Ograniczenia dostępu do zasiłków to jedna z najtrudniejszych spraw w negocjacjach z Wielka Brytanią w sprawie zmiany warunków jej członkostwa w UE. Porozumienie, które ma zostać wypracowane na brukselskim szczycie, ma pomóc zatrzymać Brytyjczyków we Wspólnocie. Już w czerwcu na Wyspach może odbyć się referendum w sprawie pozostania Wielkiej Brytanii w Unii.
Projekt porozumienia przewiduje wprowadzenie mechanizmu zabezpieczającego, który umożliwiałby Wielkiej Brytanii w wyjątkowej sytuacji ograniczenie maksymalnie na cztery lata dostępu do niektórych zasiłków związanych z zatrudnieniem (ang. in-work benefits) dla nowo przybyłych imigrantów z innych państw UE. Oznacza to, że restrykcje nie obejmą już np. Polaków, którzy są i pracują na Wyspach.
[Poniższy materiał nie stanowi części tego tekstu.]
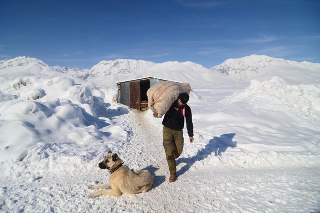 94 Mahallesi'nde yaşayan besici Umut Candaş Yarar, AA muhabirine yaptığı açıklamada, kar yağışı ve soğuk havanın işlerini zorlaştırdığını söyledi.
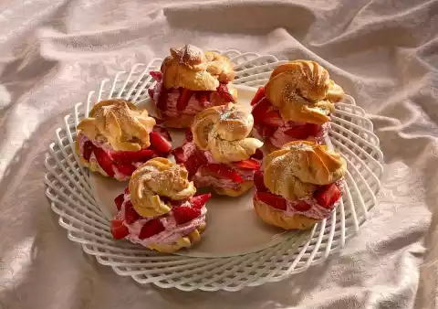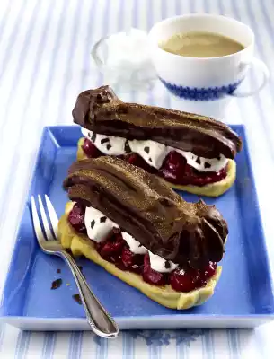 Eclairs With Cherry Compote, Stracciatella Cream And Chocolate Icing
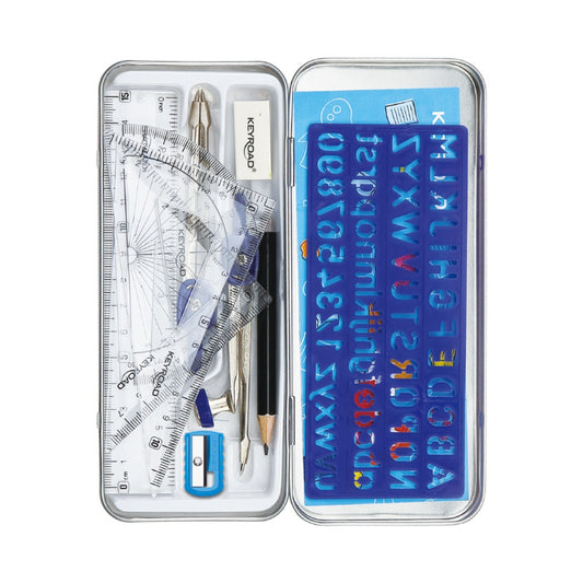 • סט שרטוט 11 חלקים בקופסת מתכת Keyroad
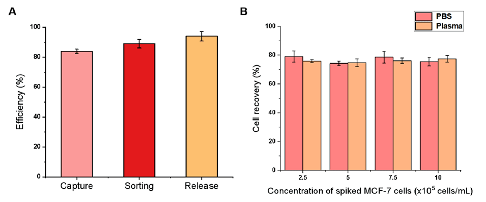图3.(A)最佳条件下PBS中MCF-7细胞的细胞捕获、分选和释放效率;和(B)在PBS和血浆中不同密度的MCF-7细胞的细胞回收。
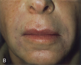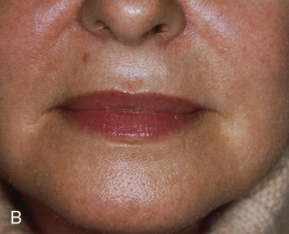 Before (A) and after (B) filler to the nasolabial folds and perioral lines.
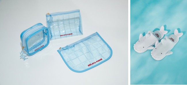 優しい表情のシャークをモチーフにしたルームシューズや、水辺のレジャーでも活躍するクリア素材が涼しげなポーチなどの雑貨も、豊富にラインアップしています。
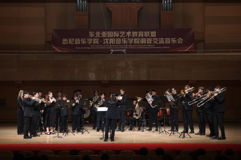 10月13日,“悉尼音乐学院•沈阳音乐学院铜管交流音乐会”在我院精彩上演。此次音乐会是我院发起并主导的东北亚国际艺术教育联盟成立后的系列音乐会之一。悉尼音乐学院副院长兼教育副院长、著名作曲家马修•辛森,中国音乐及民族音乐学研究生博士生导师及中国乐团总监刘璐,钢琴教授保罗•里卡德•福特,我院副院长冯志莲(主持行政工作),国际交流合作处、管弦系负责人和我院师生共同观看音乐会。音乐会由戏剧影视学院教师王丹主持。
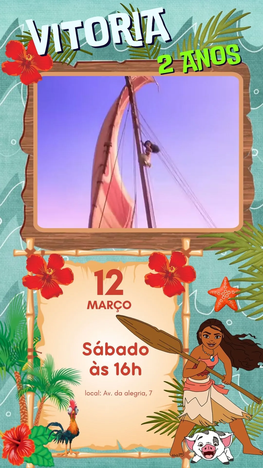 Com design vibrante, trilha sonora envolvente e animações cheias de movimento, este convite conquista adultos e crianças. Cada detalhe foi pensado para transportar os convidados diretamente para o mundo mágico de Motunui, com conchas, coqueiros e o famoso barco de Moana navegando rumo à grande festa.

Hamulec miałby dotyczyć nieskładkowych świadczeń związanych z zatrudnieniem. Takie świadczenia, jak np. ulgi podatkowe, dopłaty mieszkaniowe, dostęp do mieszkań socjalnych i pełnej opieki zdrowotnej - które są dostępne dla wszystkich legalnie pracujących w Wielkiej Brytanii i nie wymagają wcześniejszych wpłat do budżetu państwa - to specyficzne rozwiązanie brytyjskie. Dlatego z hamulca nie mogłyby korzystać inne państwa unijne.(ks/pap)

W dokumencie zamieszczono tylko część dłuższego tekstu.